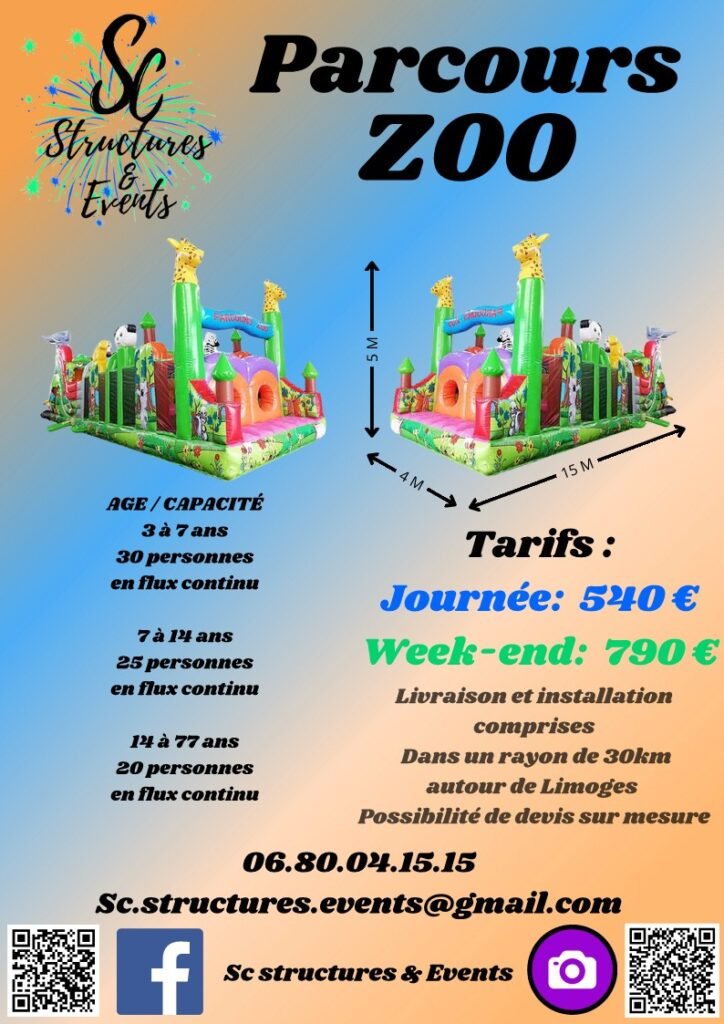 Le Parcours Zoo est une immense structure gonflable (15 × 4 × 5 m) pour les enfants de 3 à 7 ans, jusqu’à 30 participants en flux continu, pour une aventure pleine d’animaux et de rebondissements.
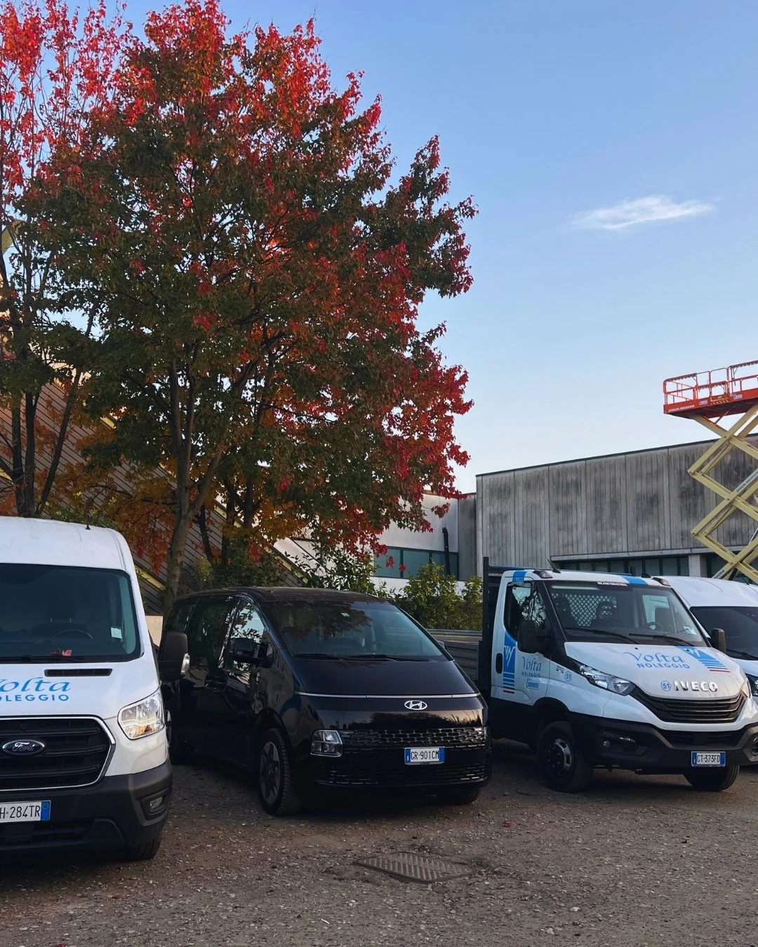Parco auto Volta Noleggio con furgoni Ford e Iveco e minivan Hyundai Staria. Noleggio veicoli per privati e aziende, con ampia gamma di mezzi efficienti e moderni
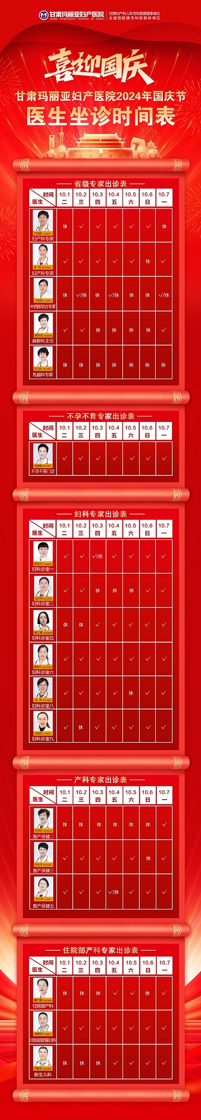 甘肃玛丽亚妇产医院2024年国庆节医生坐诊时间表
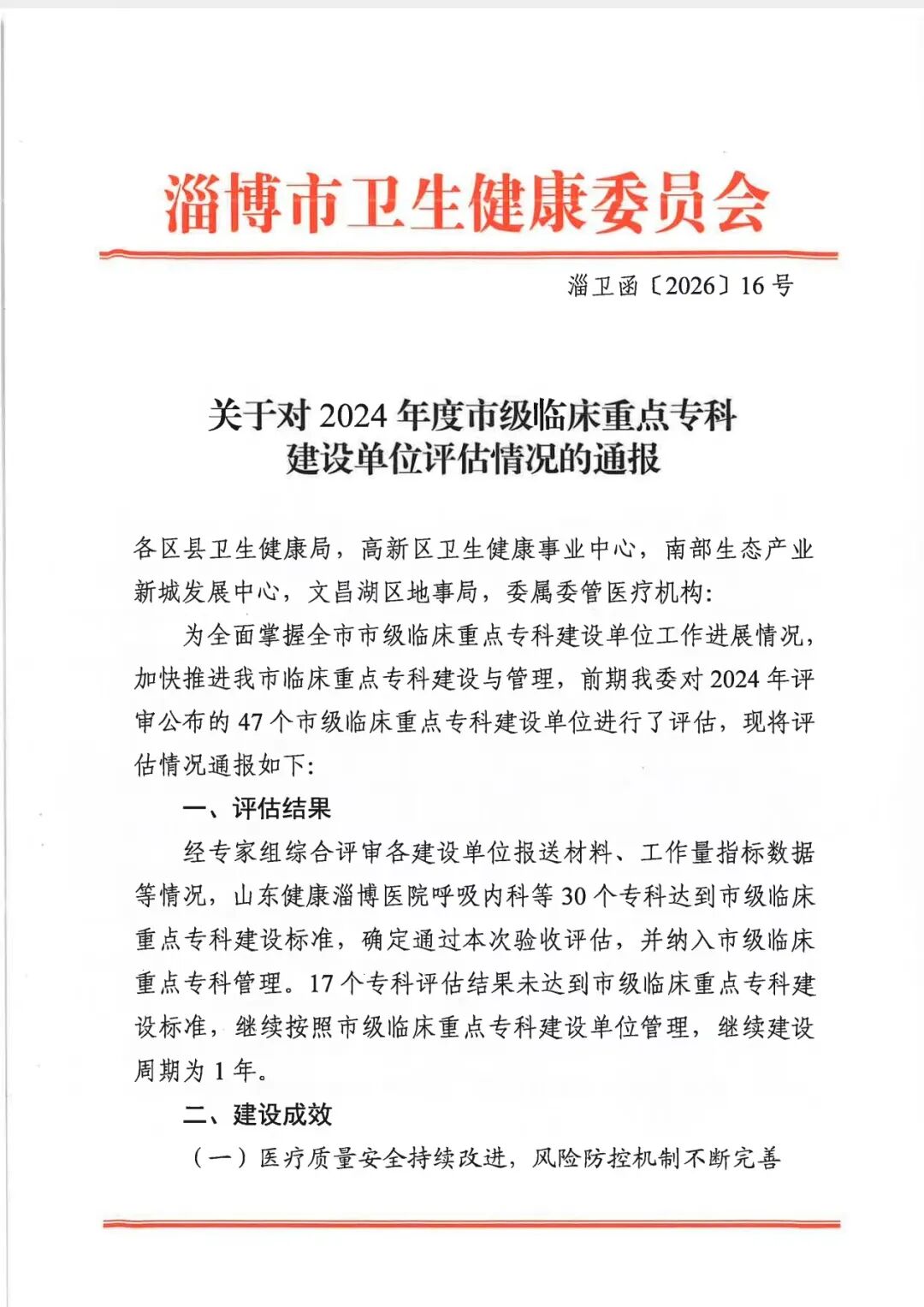 新年伊始,喜讯传来。近日,淄博市卫生健康委员会正式下发文件,确认我院眼科为“淄博市市级临床重点专科”。这是对我院技术实力与服务水平的...
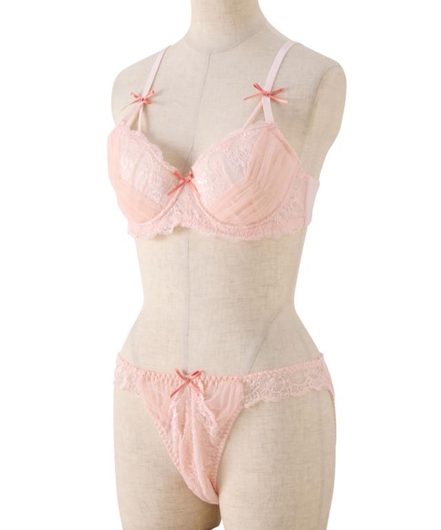 可愛いブラジャーが大好き、実際につけてみたい、そんな願いをかなえるブラジャーです。カップのふくらみも高さが出ないような仕様に変更、ストラップも長めに設定し、メンズ体型にフィットしやすいようにしました。リボンとやさしいカラーがポイントのフェミニンなブラジャーです!
------------
**WORK TO BE COMPLETED:** Only the lines from the top of the material above down to the line bearing "新年伊始,喜讯传来。近日,淄", that line included, should be set down exactly; no pictures.

**WRITTEN SOLUTION:**
 Le Parcours Zoo est une immense structure gonflable (15 × 4 × 5 m) pour les enfants de 3 à 7 ans, jusqu’à 30 participants en flux continu, pour une aventure pleine d’animaux et de rebondissements.
Parco auto Volta Noleggio con furgoni Ford e Iveco e minivan Hyundai Staria. Noleggio veicoli per privati e aziende, con ampia gamma di mezzi efficienti e moderni
 甘肃玛丽亚妇产医院2024年国庆节医生坐诊时间表
 新年伊始,喜讯传来。近日,淄博市卫生健康委员会正式下发文件,确认我院眼科为“淄博市市级临床重点专科”。这是对我院技术实力与服务水平的...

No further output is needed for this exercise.